A proposta, por si só, desperta a curiosidade do público: em um mundo distópico, 50 jovens se voluntariam para participar de uma competição onde devem caminhar por tempo indeterminado até que sobre apenas um deles. Quem desistir ou não conseguir caminhar mais, receberá o chamado "bilhete": um tiro fatal.


'A Longa Marcha' traz elementos comuns para uma distopia funcionar e ter aquele ar de "isso poderia tranquilamente acontecer aqui ou nos Estados Unidos": crise econômica, autoritarismo militar, uso da mídia como forma de reforçar esses sistemas, e direção de Francis Lawrence (que fez da saga 'Jogos Vorazes' uma obra-prima nesse segmento).


O longa não tem problema em repetir esses elementos comuns, assim como o grande futuro e riqueza prometidos ao tal único vencedor. O que o diferencia aqui, são os monólogos bem construídos e as reflexões apontadas ao longo dos quilômetros percorridos.


Marcha, soldado


Com uma boa exploração visual do cenário distópico, Lawrence consegue, mais uma vez, mostrar um pouco daquele mundo pouco conhecido pelo público, que sofre com a pobreza econômica, mas vibra a cada edição da caminhada sanguinária.


'A Longa Marcha' é baseado em livro de Stephen King
'A Longa Marcha' é baseado em livro de Stephen King

A tensão é o maior mérido de 'A Longa Marcha' que, por mais que apresente o destino óbvio de 49 personagens, consegue construir medo, expectativa e cenas desconfortáveis de assistir. A escolha de mostrar as mortes de forma explícita não é meramente para chocar ou agradar quem gosta do visal mais gore: está ali para causar o incômodo, o qual os sobreviventes também estão sentindo, um passo após o outro.


O mal estar é duradouro, e só consegue ser diluído pelas conversas - onde o espectador e o protagonista, Ray Garraty (Cooper Hoffman), encontram algum tipo de conforto. Nos diálogos, o espaço se abre para reflexões sobre dinheiro, honra, religião e críticas ao sistema.

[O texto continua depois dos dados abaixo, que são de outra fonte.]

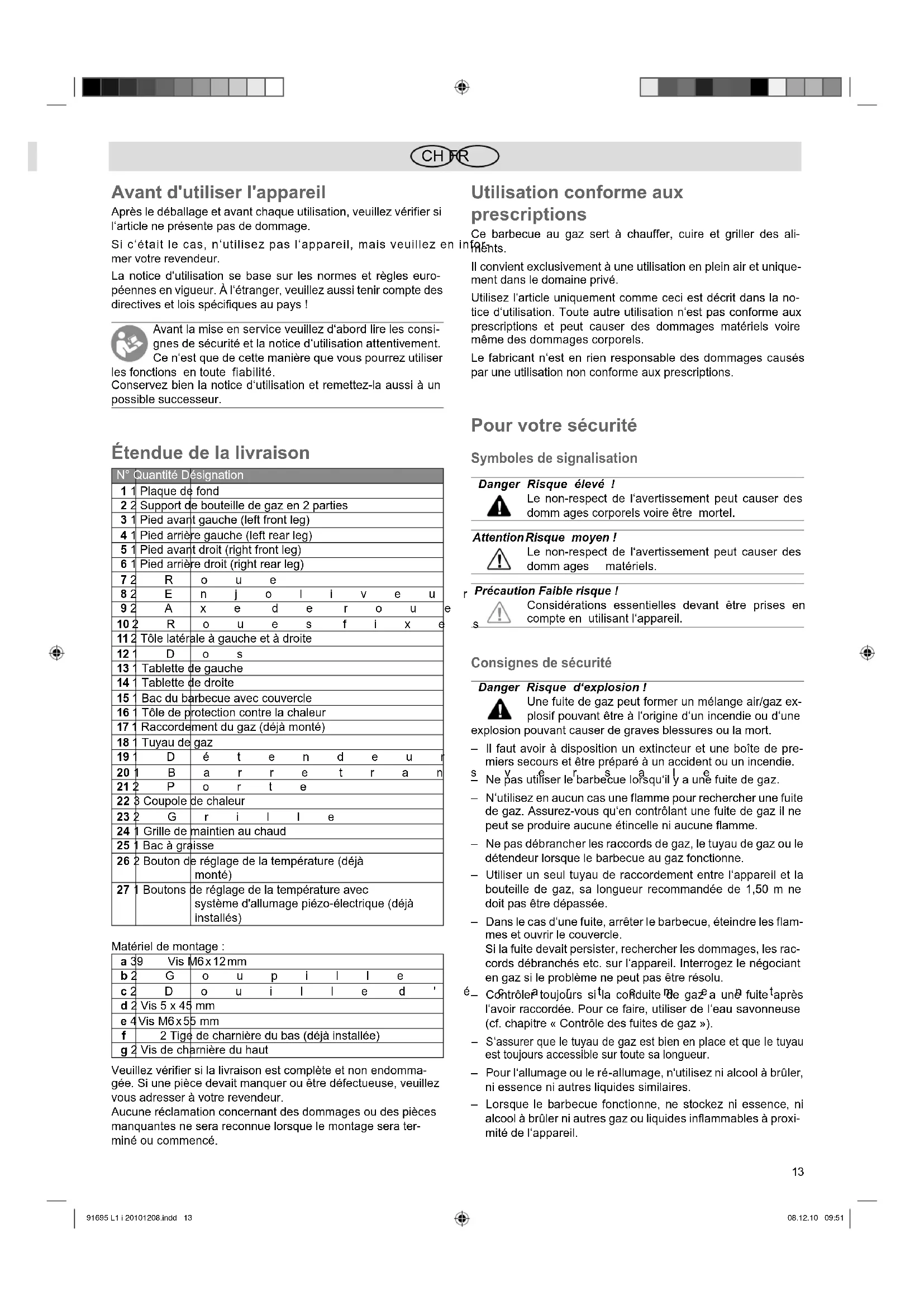CH FR Avant d'utiliser l'appareil Après le déballage et avant chaque utilisation, veuillez vérifier si l‘article ne présente pas de dommage. Si c‘était le cas, n‘utilisez pas l‘appareil, mais veuillez en infor- mer votre revendeur. La notice d‘utilisation se base sur les normes et règles euro- péennes en vigueur. À l‘étranger, veuillez aussi tenir compte des directives et lois spécifiques au pays ! Avant la mise en service veuillez d‘abord lire les consi- gnes de sécurité et la notice d‘utilisation attentivement. Ce n‘est que de cette manière que vous pourrez utiliser les fonctions en toute fiabilité. Conservez bien la notice d‘utilisation et remettez-la aussi à un possible successeur. Étendue de la livraison N° Quantité Désignation 1 1 Plaque de fond 2 2 Support de bouteille de gaz en 2 parties 3 1 Pied avant gauche (left front leg) 4 1 Pied arrière gauche (left rear leg) 5 1 Pied avant droit (right front leg) 6 1 Pied arrière droit (right rear leg) 7 2Roue 8 2Enjoliveur 9 2Axe de roue 10 2Roues fixes 11 2 Tôle latérale à gauche et à droite 12 1Dos 13 1 Tablette de gauche 14 1 Tablette de droite 15 1 Bac du barbecue avec couvercle 16 1 Tôle de protection contre la chaleur 17 1 Raccordement du gaz (déjà monté) 18 1 Tuyau de gaz 19 1Détendeur 20 1Barre transversale 21 2Porte 22 3 Coupole de chaleur 23 2Grille 24 1 Grille de maintien au chaud 25 1 Bac à graisse 26 2 Bouton de réglage de la température (déjà monté) 27 1 Boutons de réglage de la température avec système d'allumage piézo-électrique (déjà installés) Matériel de montage : a 39 Vis M6 x 12 mm b 2Goupille c 2Douille d'écartement d 2 Vis 5 x 45 mm e 4 Vis M6 x 55 mm f 2 Tige de charnière du bas (déjà installée) g 2 Vis de charnière du haut Veuillez vérifier si la livraison est complète et non endomma- gée. Si une pièce devait manquer ou être défectueuse, veuillez vous adresser à votre revendeur. Aucune réclamation concernant des dommages ou des pièces manquantes ne sera reconnue lorsque le montage sera ter- miné ou commencé. Utilisation conforme aux prescriptions Ce barbecue au gaz sert à chauffer, cuire et griller des ali- ments. Il convient exclusivement à une utilisation en plein air et unique- ment dans le domaine privé. Utilisez l‘article uniquement comme ceci est décrit dans la no- tice d‘utilisation. Toute autre utilisation n‘est pas conforme aux prescriptions et peut causer des dommages matériels voire même des dommages corporels. Le fabricant n‘est en rien responsable des dommages causés par une utilisation non conforme aux prescriptions. Pour votre sécurité Symboles de signalisation Danger Risque éle vé ! Le non-respect de l‘aver tissement peut causer des domm ages corporels voire être mortel. Attention Ris que moyen ! Le non-respect de l‘avertissement peut causer des domm ages matériels. Précaution Faible risque ! Considérations essentielles devant être prises en compte en utilisant l‘appareil. Consignes de sécurité Danger Risque d‘explosion ! Une fuite de gaz peut former un mélange air/gaz ex- plosif pouvant être à l‘origine d‘un incendie ou d‘une explosion pouvant causer de graves blessures ou la mort. – Il faut avoir à disposition un extincteur et une boîte de pre- miers secours et être préparé à un accident ou un incendie. – Ne pas utiliser le barbecue lorsqu‘il y a une fuite de gaz. – N‘utilisez en aucun cas une flamme pour rechercher une fuite de gaz. Assurez-vous qu‘en contrôlant une fuite de gaz il ne peut se produire aucune étincelle ni aucune flamme. – Ne pas débrancher les raccords de gaz, le tuyau de gaz ou le détendeur lorsque le barbecue au gaz fonctionne. – Utiliser un seul tuyau de raccordement entre l‘appareil et la bouteille de gaz, sa longueur recommandée de 1,50 m ne doit pas être dépassée. – Dans le cas d‘une fuite, arrêter le barbecue, éteindre les flam- mes et ouvrir le couvercle. Si la fuite devait persister, rechercher les dommages, les rac- cords débranchés etc. sur l‘appareil. Interrogez le négociant en gaz si le problème ne peut pas être résolu. – Contrôler toujours si la conduite de gaz a une fuite après l‘avoir raccordée. Pour ce faire, utiliser de l‘eau savonneuse (cf. chapitre « Contrôle des fuites de gaz »). – S‘assurer que le tuyau de gaz est bien en place et que le tuyau est toujours accessible sur toute sa longueur. – Pour l‘allumage ou le ré-allumage, n‘utilisez ni alcool à brûler, ni essence ni autres liquides similaires. – Lorsque le barbecue fonctionne, ne stockez ni essence, ni alcool à brûler ni autres gaz ou liquides inflammables à proxi- mité de l‘appareil. 91695 L1 i 20101208.indd 13 91695 L1 i 20101208.indd 13

Acho que já passei por essa rua


Ainda assim, 'A Longa Marcha' é um filme feito de homens para homens. A ausência feminina é um ponto que não dá para passar despercebido, já que a única presença relevante ao longo do filme é a da mãe de um dos protagonistas, aqui interpretada sensivelmente por Judy Greer. Chego a pensar que certas reflexões feitas pelo grupo de amigos ao longo da caminhada é apenas uma noite mais tranquila de uma festa do pijama de meninas aos 10 anos.


O roteiro também peca ao colocar o personagem Peter McVries (David Jonsson) em um local já conhecido a figuras negras no cinema: o negro melhor amigo, o negro otimista, o negro forte, e por aí vai. Este, sendo o mais carismático dos competidores e não apresentando um caráter questionável, parece ter sido pensado e feito como mais uma engrenagem da trama - a famosa 'muleta' do protagonista (aqui, às vezes, em sentido literal).


Quem somos nós depois da caminhada?


Cooper Hoffman é um dos protagonistas de 'A Longa Marcha'
Cooper Hoffman é um dos protagonistas de 'A Longa Marcha'

Depois de tantas cenas de morte impactantes, o que sobra para finalizar 'A Longa Marcha'? Ao que se deram todos aqueles diálogos sobre poder, revolução, propósito e o que seguir depois da linha de chegada?


Indo de contra ao que já tinha feito o filme inteiro, a escolha da produção é a mais sensível, poética e triste possível. No fim, os que sobraram não são mais os mesmos que entraram no rio - seguindo a famosa filosofia de Heráclito. A luz no fim do caminho foi apagada, os passos são contados e, por mais que se saia dos trilhos (ou da estrada), o caminho já se tornou parte da gente e, a gente, o dele.